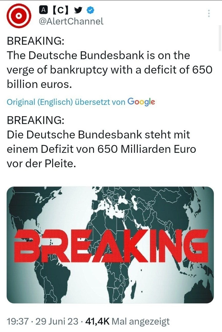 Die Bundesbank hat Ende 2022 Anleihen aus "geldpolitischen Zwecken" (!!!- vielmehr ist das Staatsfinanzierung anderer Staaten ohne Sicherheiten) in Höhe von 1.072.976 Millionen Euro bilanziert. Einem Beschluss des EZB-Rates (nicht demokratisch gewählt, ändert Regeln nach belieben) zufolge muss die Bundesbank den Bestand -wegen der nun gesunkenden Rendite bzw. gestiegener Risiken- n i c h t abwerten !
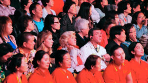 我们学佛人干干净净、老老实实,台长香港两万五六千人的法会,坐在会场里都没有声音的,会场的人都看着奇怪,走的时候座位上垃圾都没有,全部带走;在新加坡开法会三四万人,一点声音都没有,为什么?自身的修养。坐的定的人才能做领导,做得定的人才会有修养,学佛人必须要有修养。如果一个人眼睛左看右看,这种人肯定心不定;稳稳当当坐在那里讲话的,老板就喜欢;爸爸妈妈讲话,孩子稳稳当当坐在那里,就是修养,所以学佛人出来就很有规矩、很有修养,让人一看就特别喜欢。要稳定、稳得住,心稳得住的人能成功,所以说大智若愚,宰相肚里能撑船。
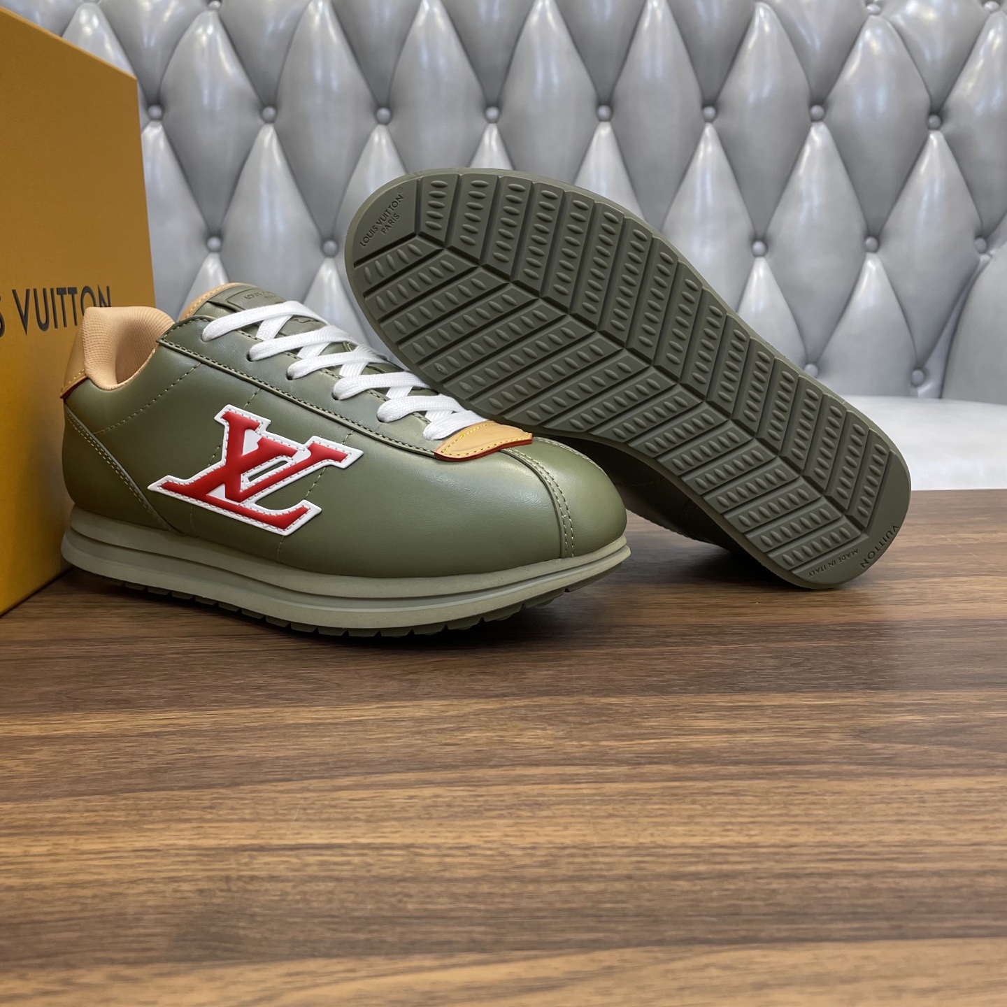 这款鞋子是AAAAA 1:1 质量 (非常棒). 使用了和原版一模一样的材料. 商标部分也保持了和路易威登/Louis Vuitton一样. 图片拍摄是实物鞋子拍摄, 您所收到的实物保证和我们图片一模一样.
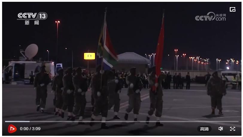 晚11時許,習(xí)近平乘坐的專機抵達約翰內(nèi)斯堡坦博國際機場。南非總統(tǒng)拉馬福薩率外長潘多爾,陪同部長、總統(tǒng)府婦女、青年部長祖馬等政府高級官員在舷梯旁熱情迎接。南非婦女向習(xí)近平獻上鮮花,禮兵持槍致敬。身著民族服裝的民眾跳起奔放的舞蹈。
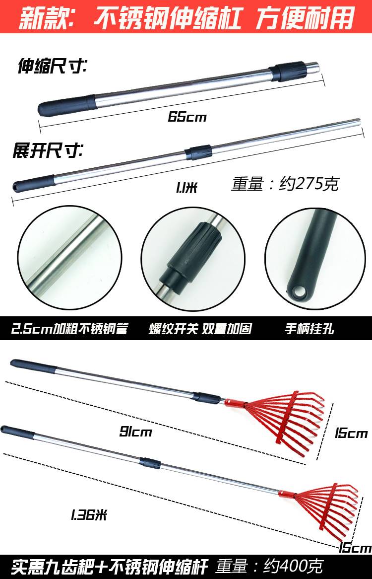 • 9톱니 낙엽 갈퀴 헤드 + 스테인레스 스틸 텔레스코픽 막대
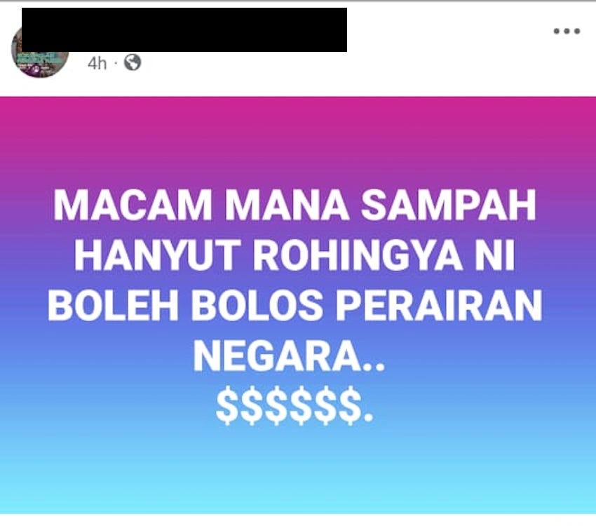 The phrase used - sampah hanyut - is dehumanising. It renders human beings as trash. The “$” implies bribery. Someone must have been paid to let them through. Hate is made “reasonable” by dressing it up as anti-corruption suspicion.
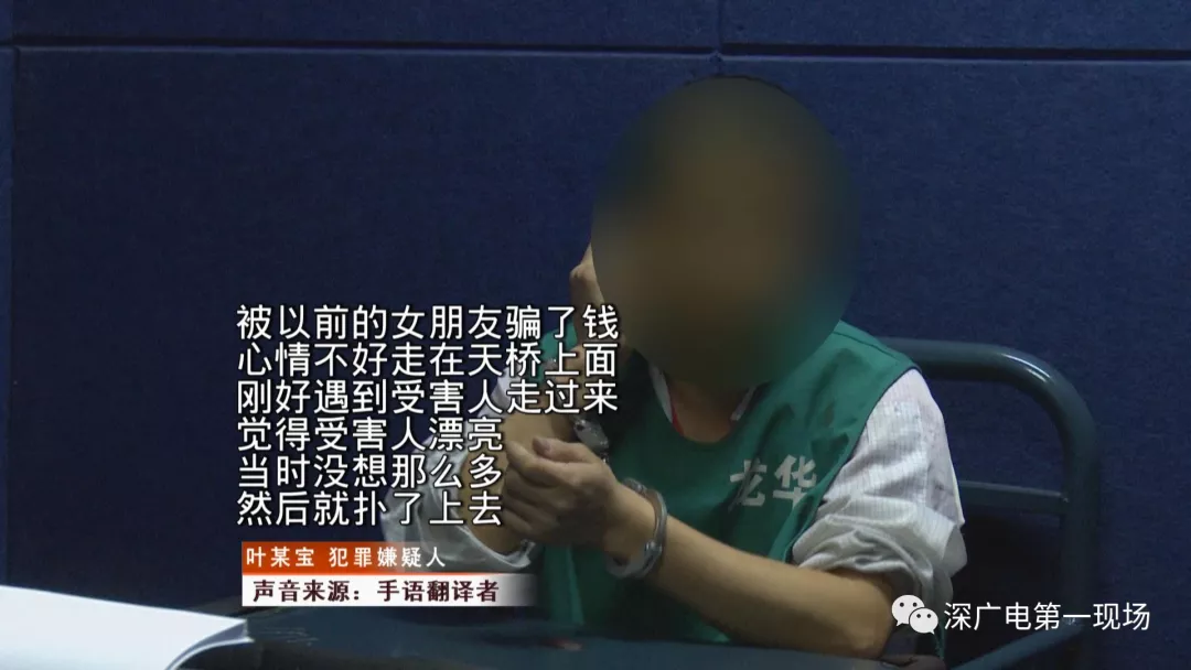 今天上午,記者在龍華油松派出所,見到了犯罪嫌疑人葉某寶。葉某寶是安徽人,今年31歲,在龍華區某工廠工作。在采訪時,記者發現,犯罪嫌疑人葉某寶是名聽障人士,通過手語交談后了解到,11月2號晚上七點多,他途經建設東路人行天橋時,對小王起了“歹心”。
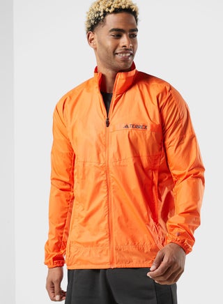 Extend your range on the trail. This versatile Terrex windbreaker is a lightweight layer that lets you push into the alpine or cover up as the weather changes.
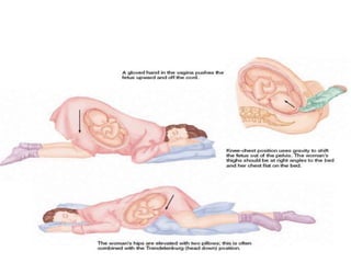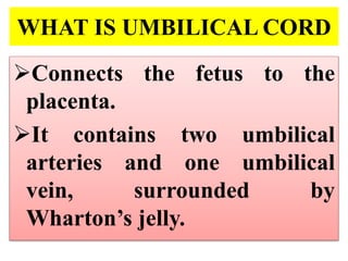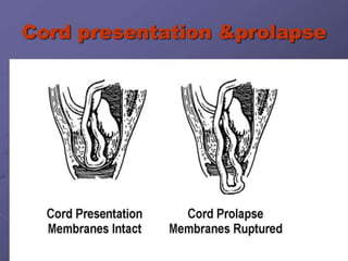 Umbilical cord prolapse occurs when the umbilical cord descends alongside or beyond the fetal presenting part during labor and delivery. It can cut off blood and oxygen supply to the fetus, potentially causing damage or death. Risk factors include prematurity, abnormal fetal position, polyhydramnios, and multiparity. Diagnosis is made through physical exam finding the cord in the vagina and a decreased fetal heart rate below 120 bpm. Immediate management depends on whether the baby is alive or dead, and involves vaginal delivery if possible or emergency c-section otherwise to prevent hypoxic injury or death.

**Exercise:** Nothing but the lines from the first line of the data above through the line holding "这款鞋子是AAAAA 1:1 质量" may appear in the response, copied exactly and without pictures.

**Answer area:**
 Die Bundesbank hat Ende 2022 Anleihen aus "geldpolitischen Zwecken" (!!!- vielmehr ist das Staatsfinanzierung anderer Staaten ohne Sicherheiten) in Höhe von 1.072.976 Millionen Euro bilanziert. Einem Beschluss des EZB-Rates (nicht demokratisch gewählt, ändert Regeln nach belieben) zufolge muss die Bundesbank den Bestand -wegen der nun gesunkenden Rendite bzw. gestiegener Risiken- n i c h t abwerten !
 我们学佛人干干净净、老老实实,台长香港两万五六千人的法会,坐在会场里都没有声音的,会场的人都看着奇怪,走的时候座位上垃圾都没有,全部带走;在新加坡开法会三四万人,一点声音都没有,为什么?自身的修养。坐的定的人才能做领导,做得定的人才会有修养,学佛人必须要有修养。如果一个人眼睛左看右看,这种人肯定心不定;稳稳当当坐在那里讲话的,老板就喜欢;爸爸妈妈讲话,孩子稳稳当当坐在那里,就是修养,所以学佛人出来就很有规矩、很有修养,让人一看就特别喜欢。要稳定、稳得住,心稳得住的人能成功,所以说大智若愚,宰相肚里能撑船。
 这款鞋子是AAAAA 1:1 质量 (非常棒). 使用了和原版一模一样的材料. 商标部分也保持了和路易威登/Louis Vuitton一样. 图片拍摄是实物鞋子拍摄, 您所收到的实物保证和我们图片一模一样.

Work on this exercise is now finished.